By default the `max_budget` is set to `null` and is not checked for keys

#### **Add budgets to keys**

```bash
curl 'http://0.0.0.0:4000/key/generate' \
--header 'Authorization: Bearer <your-master-key>' \
--header 'Content-Type: application/json' \
--data-raw '{
  "team_id": "core-infra", # [OPTIONAL]
  "max_budget": 10,
}'
```

Example Request to `/chat/completions` when key has crossed budget

```shell
curl --location 'http://0.0.0.0:4000/chat/completions' \
  --header 'Content-Type: application/json' \
  --header 'Authorization: Bearer <generated-key>' \
  --data ' {
  "model": "azure-gpt-3.5",
  "user": "e09b4da8-ed80-4b05-ac93-e16d9eb56fca",
  "messages": [
      {
      "role": "user",
      "content": "respond in 50 lines"
      }
  ],
}'
```


Expected Response from `/chat/completions` when key has crossed budget
```shell
{
  "detail":"Authentication Error, ExceededTokenBudget: Current spend for token: 7.2e-05; Max Budget for Token: 2e-07"
}   
```

#### **Add budget duration to keys**

`budget_duration`: Budget is reset at the end of specified duration.

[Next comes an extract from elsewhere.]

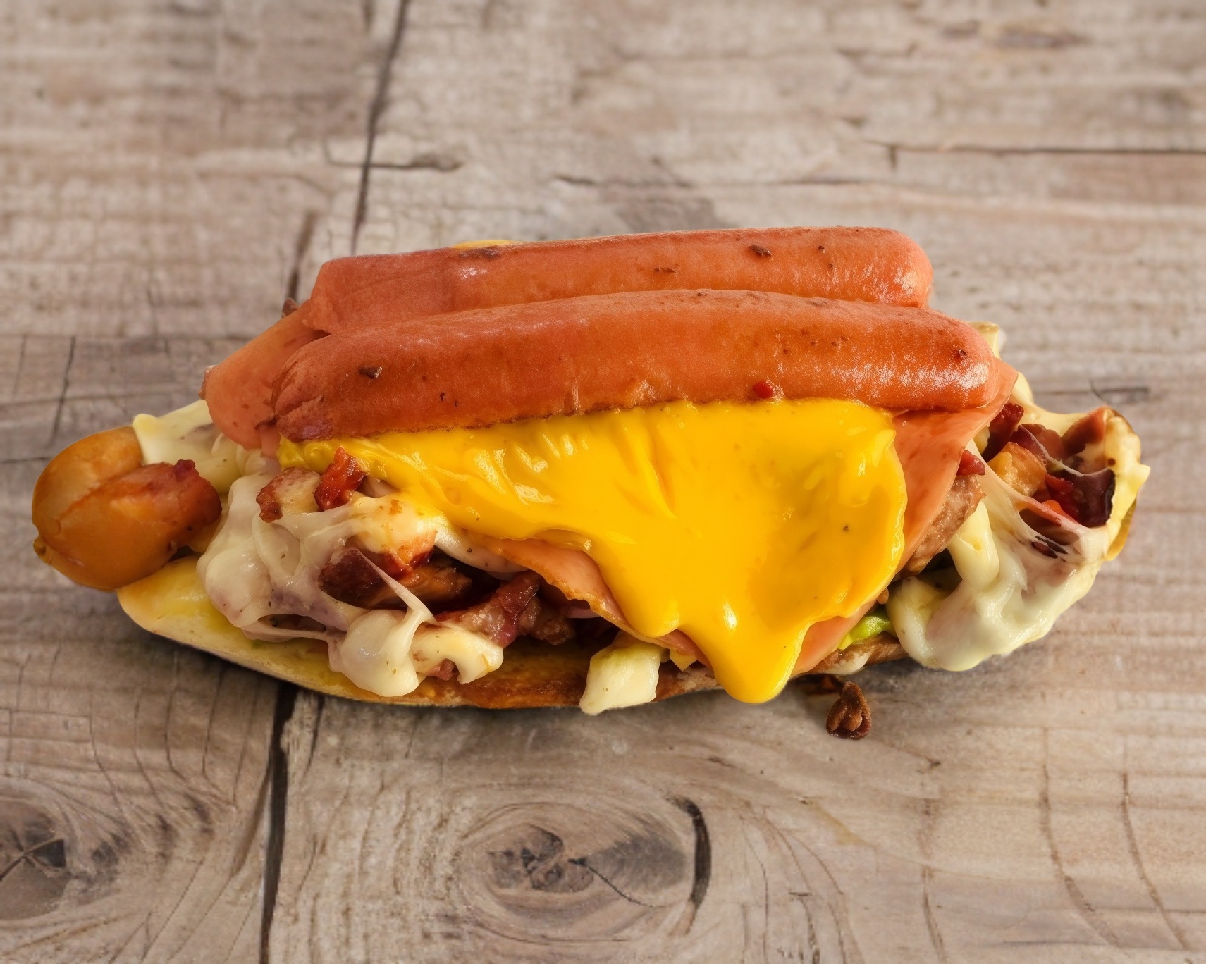 Hamburguesa de carne de Sirloin, con salchicha para asar, queso asadero, aguacate, tomate, lechuga, mayonesa, tomate, catsup, y mostaza.

If not set, budget is never reset. You can set duration as seconds ("30s"), minutes ("30m"), hours ("30h"), days ("30d").

```
curl 'http://0.0.0.0:4000/key/generate' \
--header 'Authorization: Bearer <your-master-key>' \
--header 'Content-Type: application/json' \
--data-raw '{
  "team_id": "core-infra", # [OPTIONAL]
  "max_budget": 10,
  "budget_duration": 10s,
}'
```

</TabItem>

<TabItem value="per-model-key" label="For Key (model specific)">

Apply model specific budgets on a key.

**Expected Behaviour**
- `model_spend` gets auto-populated in `LiteLLM_VerificationToken` Table
- After the key crosses the budget set for the `model` in `model_max_budget`, calls fail

By default the `model_max_budget` is set to `{}` and is not checked for keys

:::info

- LiteLLM will track the cost/budgets for the `model` passed to LLM endpoints (`/chat/completions`, `/embeddings`)


:::

#### **Add model specific budgets to keys**

```bash
curl 'http://0.0.0.0:4000/key/generate' \
--header 'Authorization: Bearer <your-master-key>' \
--header 'Content-Type: application/json' \
--data-raw '{
  model_max_budget={"gpt4": 0.5, "gpt-5": 0.01}
}'
```

</TabItem>
</Tabs>

## Set Rate Limits 

You can set: 
- tpm limits (tokens per minute)
- rpm limits (requests per minute)
- max parallel requests

<Tabs>
<TabItem value="per-user" label="Per User">

Use `/user/new`, to persist rate limits across multiple keys.


```shell
curl --location 'http://0.0.0.0:4000/user/new' \
--header 'Authorization: Bearer sk-1234' \
--header 'Content-Type: application/json' \
--data '{"user_id": "krrish@berri.ai", "max_parallel_requests": 10, "tpm_limit": 20, "rpm_limit": 4}' 
```

[**See Swagger**](https://litellm-api.up.railway.app/#/user%20management/new_user_user_new_post)

**Expected Response**

```json
{
    "key": "sk-sA7VDkyhlQ7m8Gt77Mbt3Q",
    "expires": "2024-01-19T01:21:12.816168",
    "user_id": "krrish@berri.ai",
}
```

</TabItem>
<TabItem value="per-key" label="Per Key">

Use `/key/generate`, if you want them for just that key.

```shell
curl --location 'http://0.0.0.0:4000/key/generate' \
--header 'Authorization: Bearer sk-1234' \
--header 'Content-Type: application/json' \
--data '{"max_parallel_requests": 10, "tpm_limit": 20, "rpm_limit": 4}' 
```

**Expected Response**

```json
{
    "key": "sk-ulGNRXWtv7M0lFnnsQk0wQ",
    "expires": "2024-01-18T20:48:44.297973",
    "user_id": "78c2c8fc-c233-43b9-b0c3-eb931da27b84"  // 👈 auto-generated
}
```

</TabItem>
</Tabs>

## Grant Access to new model 

Use model access groups to give users access to select models, and add new ones to it over time (e.g. mistral, llama-2, etc.). 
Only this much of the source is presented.